### ACTION ITEM
Without copying any picture, return all lines below exactly.

### COLLECTED DATA
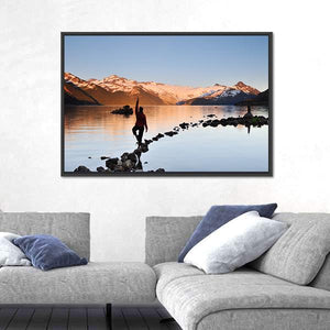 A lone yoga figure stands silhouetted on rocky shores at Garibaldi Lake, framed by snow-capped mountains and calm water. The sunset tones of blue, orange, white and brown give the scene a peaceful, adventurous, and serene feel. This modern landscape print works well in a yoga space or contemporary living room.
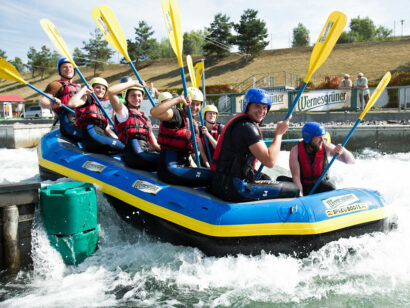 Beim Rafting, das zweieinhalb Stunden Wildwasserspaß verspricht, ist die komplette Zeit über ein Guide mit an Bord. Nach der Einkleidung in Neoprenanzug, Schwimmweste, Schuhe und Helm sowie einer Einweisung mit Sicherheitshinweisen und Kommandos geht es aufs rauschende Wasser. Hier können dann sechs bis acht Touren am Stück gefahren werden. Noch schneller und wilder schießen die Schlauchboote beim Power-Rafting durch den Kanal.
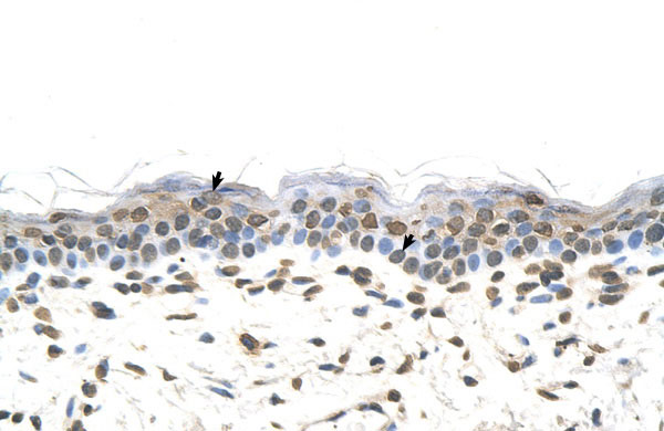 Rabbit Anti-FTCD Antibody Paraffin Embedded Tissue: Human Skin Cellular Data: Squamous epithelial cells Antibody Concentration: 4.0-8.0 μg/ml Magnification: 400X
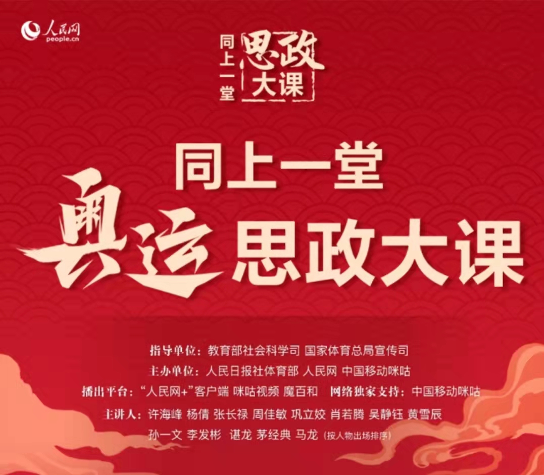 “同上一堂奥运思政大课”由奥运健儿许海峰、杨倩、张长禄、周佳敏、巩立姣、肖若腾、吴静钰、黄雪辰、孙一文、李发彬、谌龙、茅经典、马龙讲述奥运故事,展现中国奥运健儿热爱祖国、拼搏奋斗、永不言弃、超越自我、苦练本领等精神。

### TASK OUTPUT
 A lone yoga figure stands silhouetted on rocky shores at Garibaldi Lake, framed by snow-capped mountains and calm water. The sunset tones of blue, orange, white and brown give the scene a peaceful, adventurous, and serene feel. This modern landscape print works well in a yoga space or contemporary living room.
 Beim Rafting, das zweieinhalb Stunden Wildwasserspaß verspricht, ist die komplette Zeit über ein Guide mit an Bord. Nach der Einkleidung in Neoprenanzug, Schwimmweste, Schuhe und Helm sowie einer Einweisung mit Sicherheitshinweisen und Kommandos geht es aufs rauschende Wasser. Hier können dann sechs bis acht Touren am Stück gefahren werden. Noch schneller und wilder schießen die Schlauchboote beim Power-Rafting durch den Kanal.
 Rabbit Anti-FTCD Antibody Paraffin Embedded Tissue: Human Skin Cellular Data: Squamous epithelial cells Antibody Concentration: 4.0-8.0 μg/ml Magnification: 400X
 “同上一堂奥运思政大课”由奥运健儿许海峰、杨倩、张长禄、周佳敏、巩立姣、肖若腾、吴静钰、黄雪辰、孙一文、李发彬、谌龙、茅经典、马龙讲述奥运故事,展现中国奥运健儿热爱祖国、拼搏奋斗、永不言弃、超越自我、苦练本领等精神。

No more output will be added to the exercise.